DIRECTIONS FOR THIS TASK – Down to the last line, set down the material below exactly, excluding pictures.

──────── SUPPLIED DATA

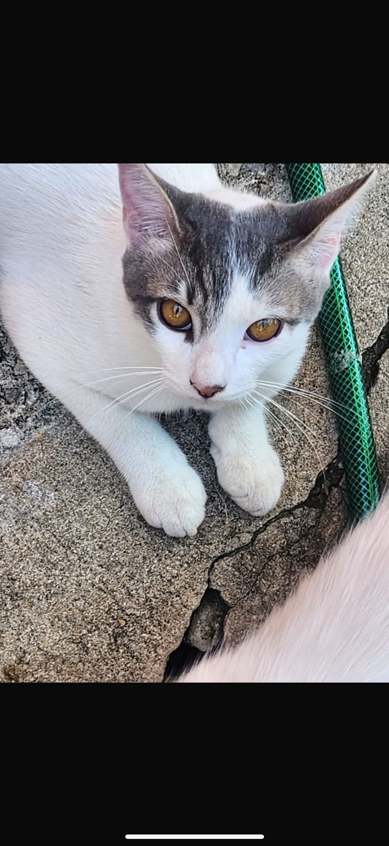 Ele cortou a tela e pulou o muro, mas não conseguiu pular de volta. Aí passaram alguns cachorros na rua e ele saiu correndo. Ele é todo branquinho, com manchas cinza na carinha, próximo às patas traseiras e o rabinho é cinza com a ponta branca. é castrado e muito bonzinho. Estamos sofrendo demais sem ele. Demais mesmo.
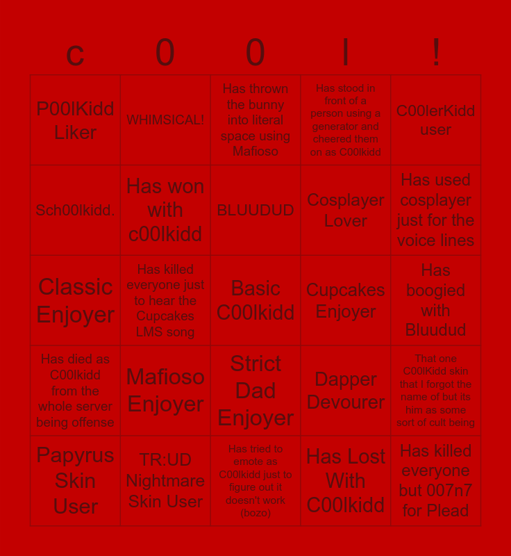 This bingo card has a free space and 24 words: Mafioso Enjoyer, TR:UD Nightmare Skin User, BLUUDUD, Papyrus Skin User, C00lerKidd user, P00lKidd Liker, Sch00lkidd., WHIMSICAL!, Cupcakes Enjoyer, Strict Dad Enjoyer, Cosplayer Lover, Classic Enjoyer, Dapper Devourer, That one C00lKidd skin that I forgot the name of but its him as some sort of cult being, Has won with c00lkidd, Has Lost With C00lkidd, Has boogied with Bluudud, Has thrown the bunny into literal space using Mafioso, Has used cosplayer just for the voice lines, Has killed everyone just to hear the Cupcakes LMS song, Has killed everyone but 007n7 for Plead, Has died as C00lkidd from the whole server being offense, Has stood in front of a person using a generator and cheered them on as C00lkidd and Has tried to emote as C00lkidd just to figure out it doesn't work (bozo).
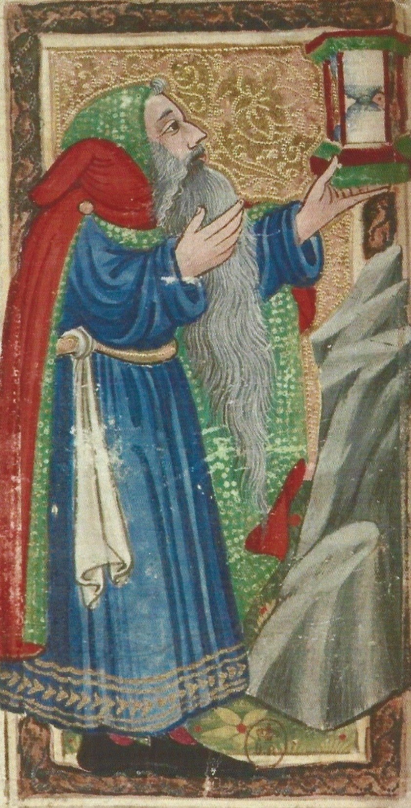 One of the earliest known cards of this type (shown at left) is from a Trionfi deck hand painted for an Italian aristocrat in the middle of the fifteenth century. A well-dressed old man, with a very long gray beard, and wearing a rich blue robe embroidered in gold, stands in front of a rock formation holding up a large hourglass. He is acutely aware that the sands of time are running out for him and embodies three ways Time was pictured in the Renaissance: Petrarch’s allegory of the passage of time; the last age of human life; and the influence of astrological Saturn. Let’s look at how these factors influenced the card’s design.

────────────────

ANSWER TO THIS TASK –
 Ele cortou a tela e pulou o muro, mas não conseguiu pular de volta. Aí passaram alguns cachorros na rua e ele saiu correndo. Ele é todo branquinho, com manchas cinza na carinha, próximo às patas traseiras e o rabinho é cinza com a ponta branca. é castrado e muito bonzinho. Estamos sofrendo demais sem ele. Demais mesmo.
 This bingo card has a free space and 24 words: Mafioso Enjoyer, TR:UD Nightmare Skin User, BLUUDUD, Papyrus Skin User, C00lerKidd user, P00lKidd Liker, Sch00lkidd., WHIMSICAL!, Cupcakes Enjoyer, Strict Dad Enjoyer, Cosplayer Lover, Classic Enjoyer, Dapper Devourer, That one C00lKidd skin that I forgot the name of but its him as some sort of cult being, Has won with c00lkidd, Has Lost With C00lkidd, Has boogied with Bluudud, Has thrown the bunny into literal space using Mafioso, Has used cosplayer just for the voice lines, Has killed everyone just to hear the Cupcakes LMS song, Has killed everyone but 007n7 for Plead, Has died as C00lkidd from the whole server being offense, Has stood in front of a person using a generator and cheered them on as C00lkidd and Has tried to emote as C00lkidd just to figure out it doesn't work (bozo).
 One of the earliest known cards of this type (shown at left) is from a Trionfi deck hand painted for an Italian aristocrat in the middle of the fifteenth century. A well-dressed old man, with a very long gray beard, and wearing a rich blue robe embroidered in gold, stands in front of a rock formation holding up a large hourglass. He is acutely aware that the sands of time are running out for him and embodies three ways Time was pictured in the Renaissance: Petrarch’s allegory of the passage of time; the last age of human life; and the influence of astrological Saturn. Let’s look at how these factors influenced the card’s design.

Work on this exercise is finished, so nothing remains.